I’m a poet and I didn’t even know that I had transitioned to that medium of expression.

fruit of discontent

That, folks, is an orange.
I know it doesn’t look like an orange. I know it kind of looks like a pumpkin that accidentally got lumber-jacked by a drunken arborist who was just trying to show his friends how powerful his cleave was but couldn’t quite locate a log at 1am but, I assure you, that’s an orange.

Or rather what’s left of an orange after the ‘Circle of life’ fucks it so hard that it quite literally bursts with life.
I realise that ‘Bursting with life’ is generally associated with positive things such a spring, overly pregnant ladyfolk or even some some stupidly colourful painting. But when you stop and think about it for a moment, Chest Burster Xenomorphs from the ‘Aliens’ universe will also have you bursting with life.
Squealing, bloody, acid filled, internal organ consuming life.
Give you the warm and fuzzies does it not?

I bring your attention to this orange for a reason. And the reason is my usual one. So that I can use it as a launching pad to take the long, long, LONG way around to getting to a point.
Because much like a square shaped wheel, that’s just how I roll. (Unnecessarily difficultly)

I made mention last blog post that I put some shit on Instagram regarding a certain Multi-Level Marketing Pyramid scheme who will remain nameless but rhymes with Isa…Ben Licks?
Anyway, I have an Instagram account. There’s a link up there if you wanna be inundated with pictures of coffee and whatnot.

Now I also made a post a while ago about how I hate poetry.
But immediately after posting it, and reflecting on my prior experiences with the bite sized written word I adopted the mantra of the man who’s desperately trying to talk his lady friend into travelling the Khyber Pass.

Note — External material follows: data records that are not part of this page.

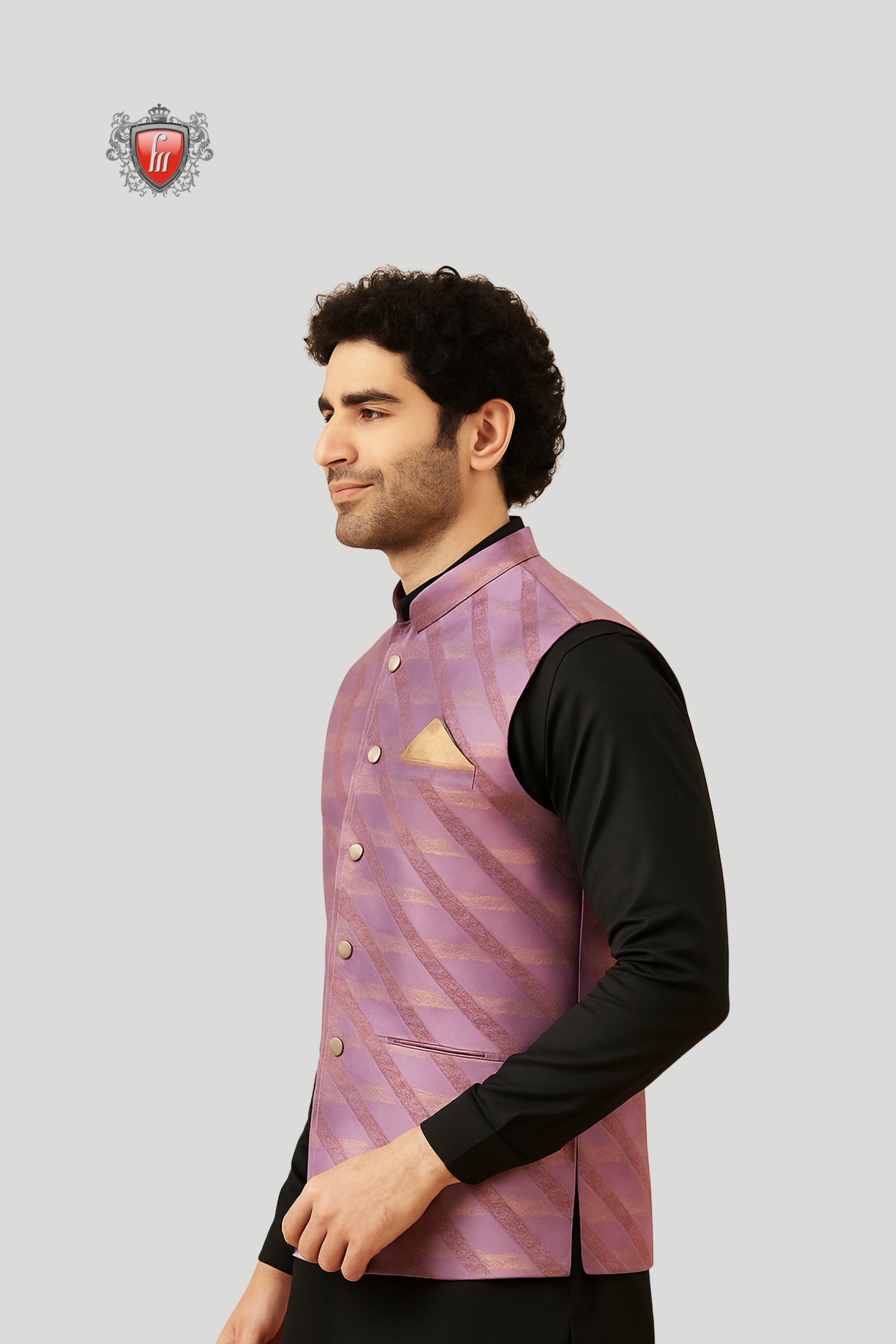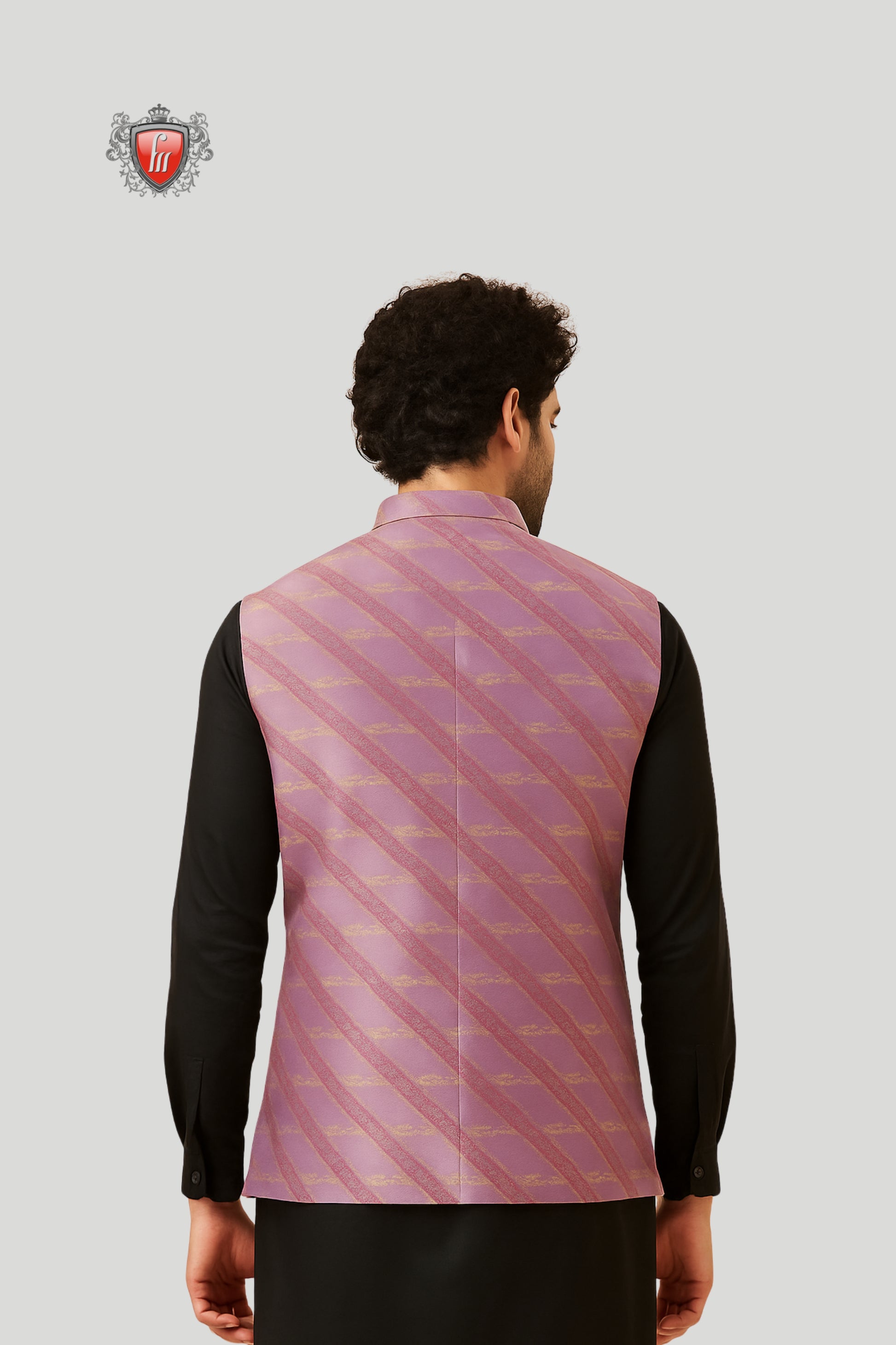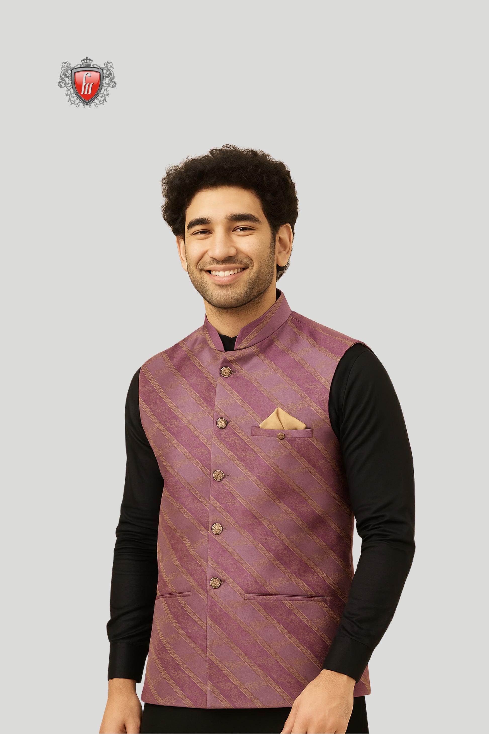 Purple Striped Waistcoat with Golden Accents – Stylish Festive Elegance
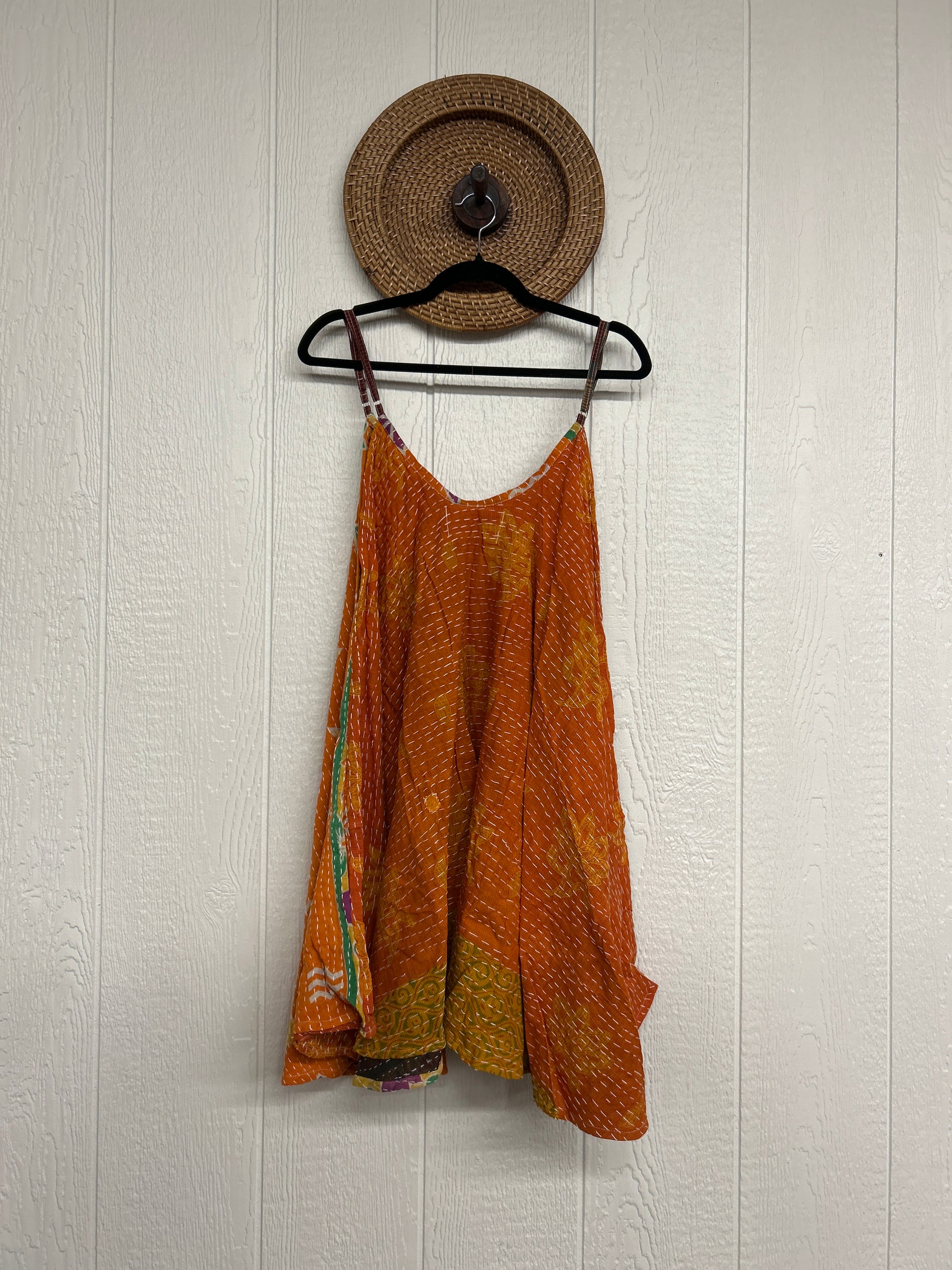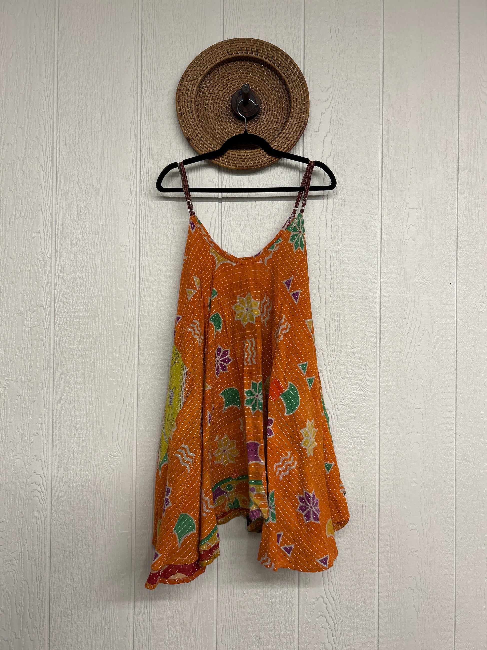 Crafted from our ultra lux cotton Kantha stitch sari the Moonchild Mini Dress features adjustable straps, interior pockets and an exaggerated sweep for extra dimension. A total vibe whether you wear as a layering piece under your favorite Kantha Bae pieces or on it's own.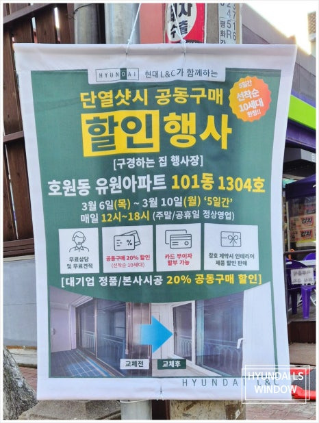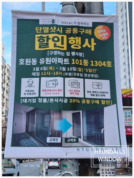 [현대L&C 창호 구경하는집 단지행사중] 호원동 유원아파트 101동 1304호/ 3월6일(목)~3월10일(월) 현대엘앤씨 샤시 샷시 공사 노후창문교체 시공업체추천 정품완성창 홈샤시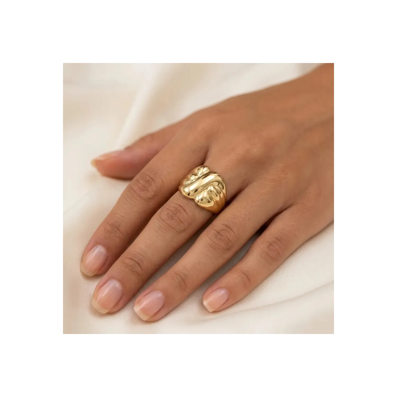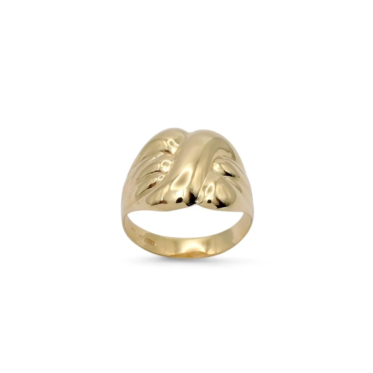 La elegancia volumétrica cobra forma en este espléndido anillo de banda abovedada en oro amarillo de 18 quilates. El diseño se distingue por un refinado trabajo acanalado (moleteado) que crea un dinámico juego de curvas y reflejos, otorgando a la joya una apariencia escultural y tridimensional con un impactante efecto visual.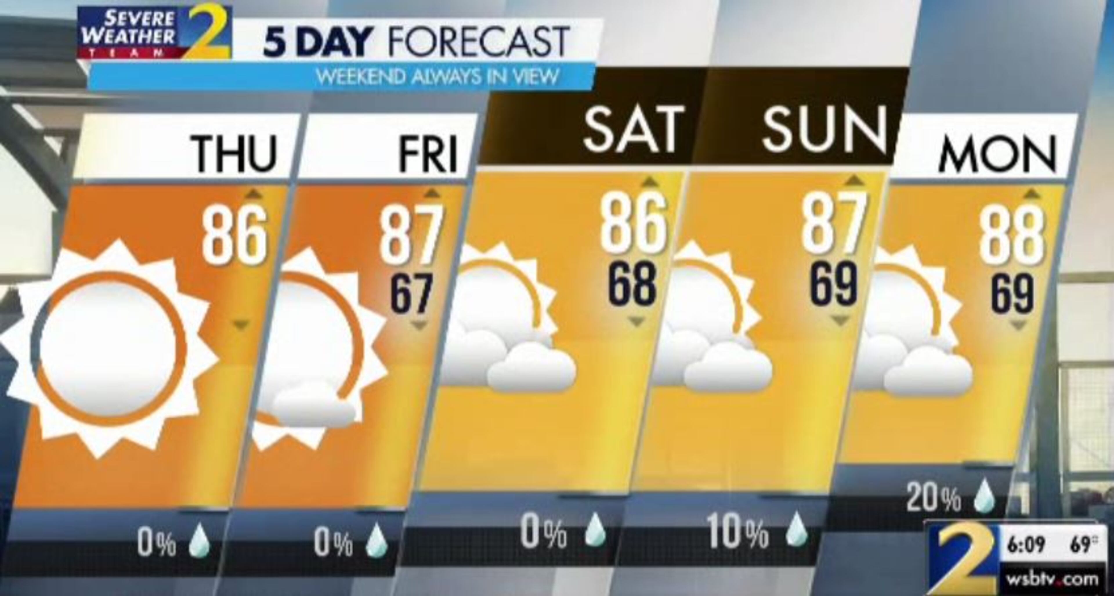 There is a 10% chance of an isolated shower Sunday, but Monahan said it won’t do much to dampen weekend plans. Higher rain chances return to North Georgia next week, he said.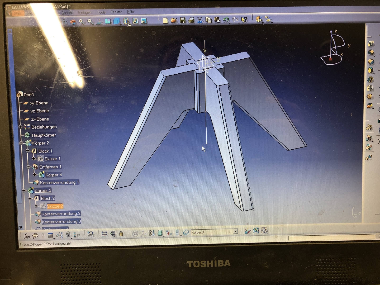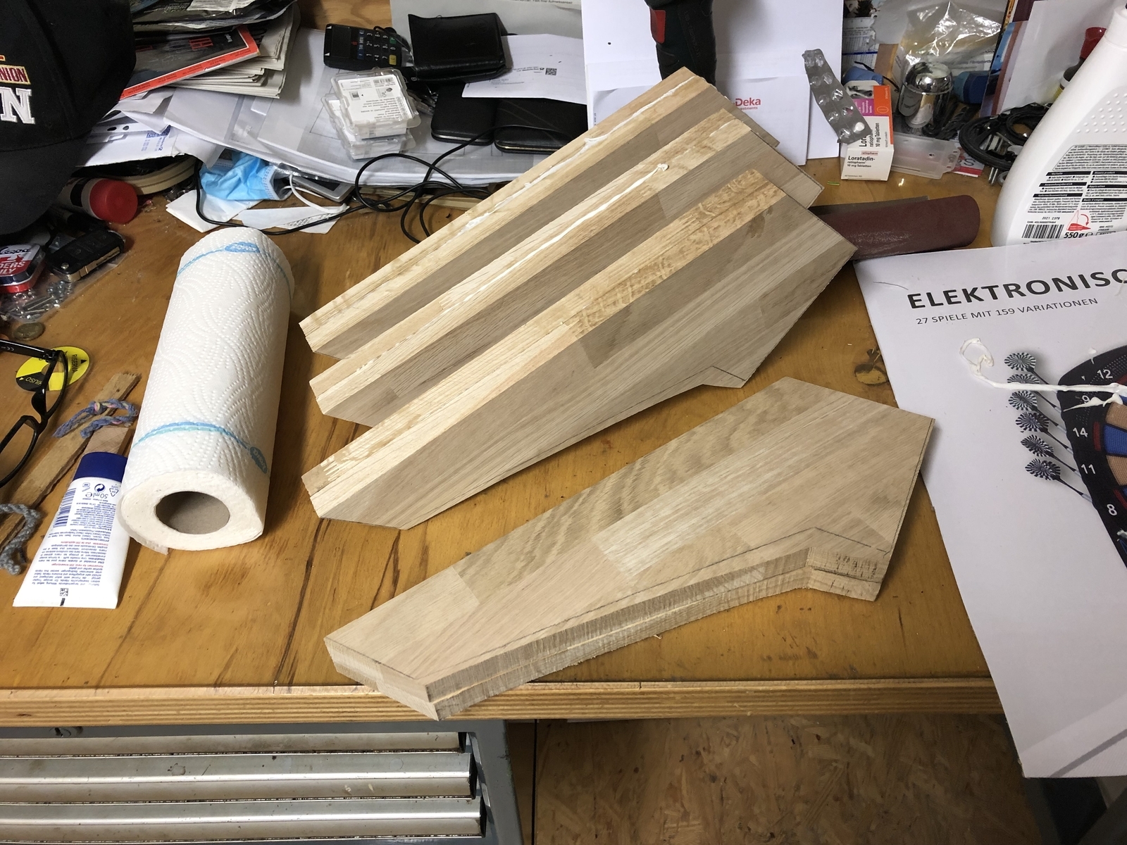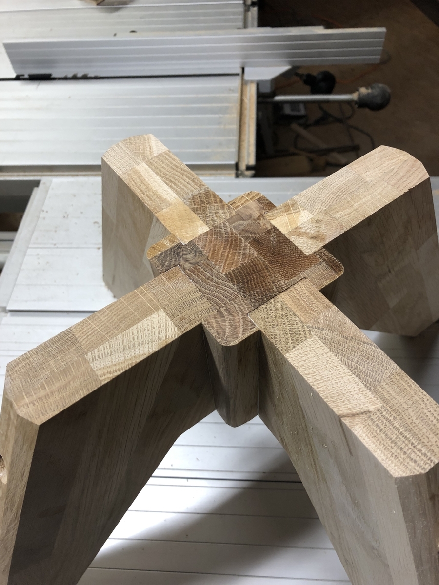 Aber aus Leimholz die Beine doppelt grob formatiert und immer zwei miteinander verleimt: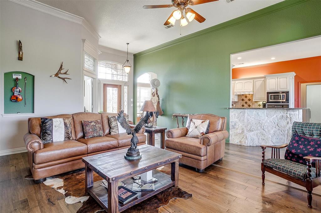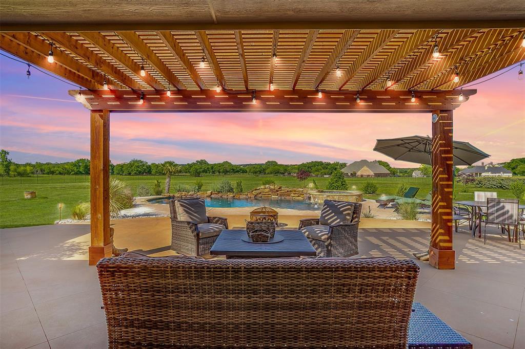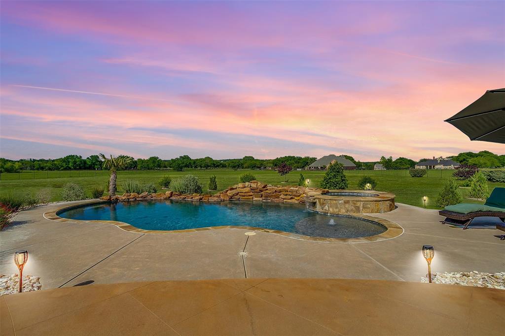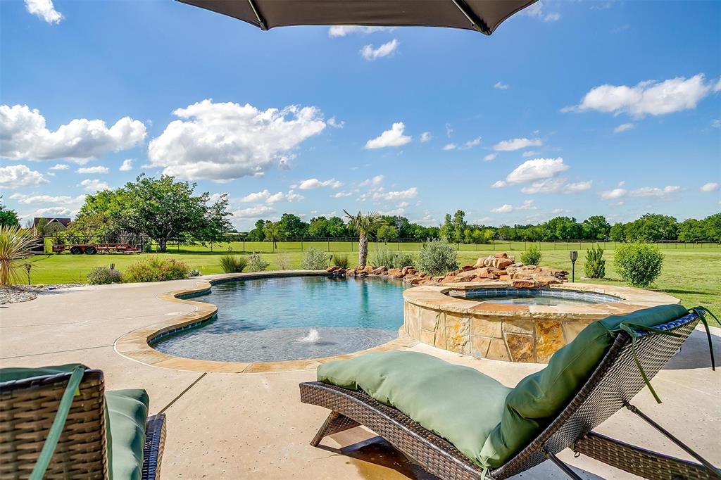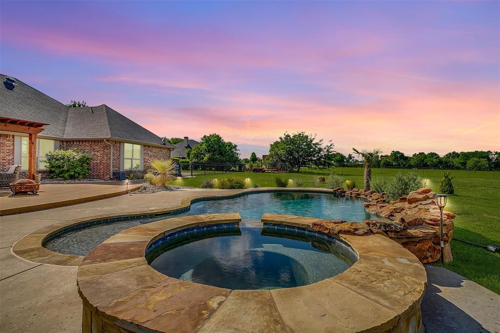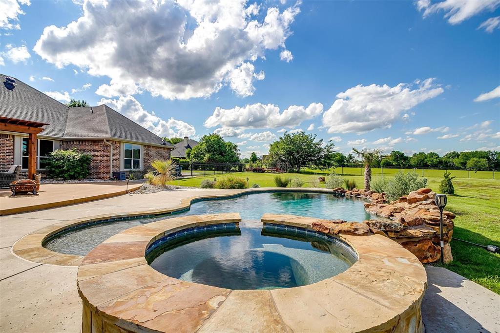 PROPERTY BACK ON MARKET DUE TO BUYERS INABILITY TO SELL THEIR CURRENT HOME! COME LOOK AT THIS BEAUTIFUL HOME WITH HUGE PRICE REDUCTION! One of a Kind in Cattlebaron Parc! This rare gem sits on 3.34 acres in the highly sought-after, gated community —perfectly positioned on a quiet cul-de-sac lot with serene greenbelt views right across the street with plenty of room for barn or workshop. Step inside to find a spacious, well maintained 4 bedroom, 2.5 bath home featuring rich wood flooring throughout, a bright open concept layout, and a striking floor to ceiling fireplace in the living area. The chef’s kitchen boasts stainless steel appliances, a separate island, and upgraded granite countertops, cooktop, and dishwasher. Retreat to the private primary suite with a beautifully remodeled bathroom, while the additional oversized bedrooms all offer generous walk-in closets. The fourth bedroom, currently used as a game room, includes an en suite half bath and direct access to the backyard—ideal for entertaining or guest use. You’ll also find a formal dining room and a separate home office for work from home flexibility. Outside, enjoy your own private oasis with a custom PebbleTec heated pool with spa, a large upgraded patio with pergola, and a perfectly manicured backyard. The extended driveway leads to an oversized 3-car garage, offering plenty of parking and storage. Major updates include the roof, gutters, HVAC system, and electric water heater (all replaced approx 2022), new pool equipment 2024, new septic pumpm 2025 plus a water softener system for added comfort. Cattlebaron Parc offers a rural feel with modern convenience, featuring a community clubhouse, pool, and sports court. Enjoy the peaceful lifestyle—all just minutes from downtown Fort Worth or Aledo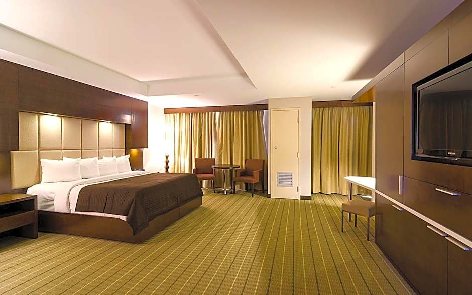 The Hotel Casino New Nouveau Brunswick offers a variety of room types including luxury suites, king suites, deluxe king rooms, deluxe queen rooms with two queen beds, and studios. All rooms are non-smoking and can accommodate two adults. The room sizes range from 441 to 797 square feet. Beds vary between king size and queen size beds, with some rooms also featuring a sofa bed.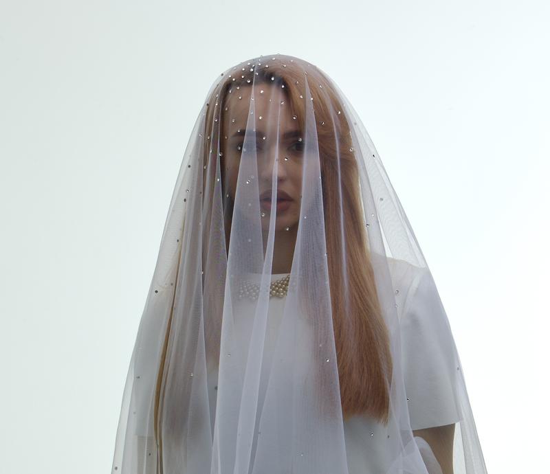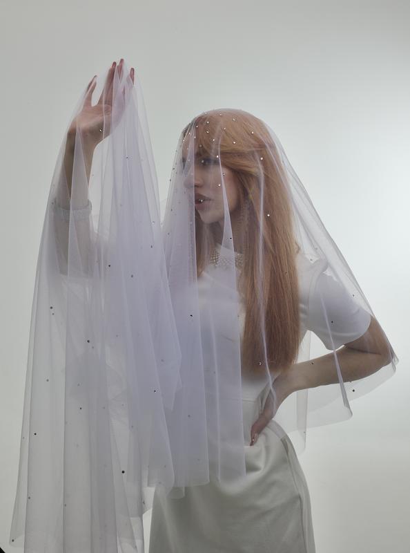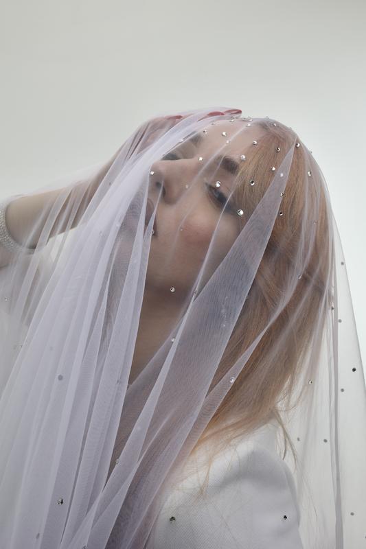 Весенняя фата для невесты со стразами по всей длине, на макушке больше страз, к низу уменьшаются по типу омбре. Все стразы приклеены силиконовым клеем, который не отклеивается и не желтеет. Для загадочности Фата выкройка овалом, чтобы была вуаль и на лицо. Длина общего полотна вуали 2 м, ширина 1,5м.(может сделать под твои размеры, также). Именно на фото снежно-белый цвет, также может быть молочный и айвори, пиши подберем.

‘Don’t knock it till you try it’

And, admittedly, writing poetry is a little different than going in the tradesman’s entrance with your best gal. But I felt I should at least try my hand at it properly before saying that I truly hate it.
(So Instagram, and poetry. We keeping up so far kids?)

Most normal people will tell you that they’re willing to give anything a try once, but the second you rock up at their doorstep with two pigs, some leashes, hair clippers and olive oil they start getting antsy.
Well not this idiot. I’ll be there with the requested 100ft of flexi-ducting and a looping track of Joe Esposito’s ‘You’re the best around’ so we can get this party started post haste!

And to prove it. I’ve started a series of hand written poems that I post on Instagram with some artsy filters and a butt-ton of hashtags titled ‘F**k poetry.’

And because I feel generous, I’m going to save you having to subject yourself to my Instagram page and looking at my artsy, head up my own arse pictures, and just write the poem bellow.

Honestly this feels like stripping in front of a crowd.
Yes, I know what that feels like.
Here we go.

Fruit of the season,
Firm flesh, florally fragrant.
Yielding to my hand over time.
Ripening.
Swelling with life.
Movement beneath blushing,
taut,
skin.
Beauty that bursts at the seams.
Beauty consumed by pestilence within.
Beauty that births rot.
Hollow and open, no more moving.
You ain’t pretty no more.

So yeah. That’s the poem about the orange I saw on the ground under the orange tree that I do an exceptionally poor job of maintaining while I was taking a garbage bag full of shitty nappies and wipes out to the bin one morning.

Fucking poetry man. I swear.

– Jacob

Disclaimer: I legit still have no clue what any of the poems are about aside from the orange one. Read into them as much as you like, I offer no answers.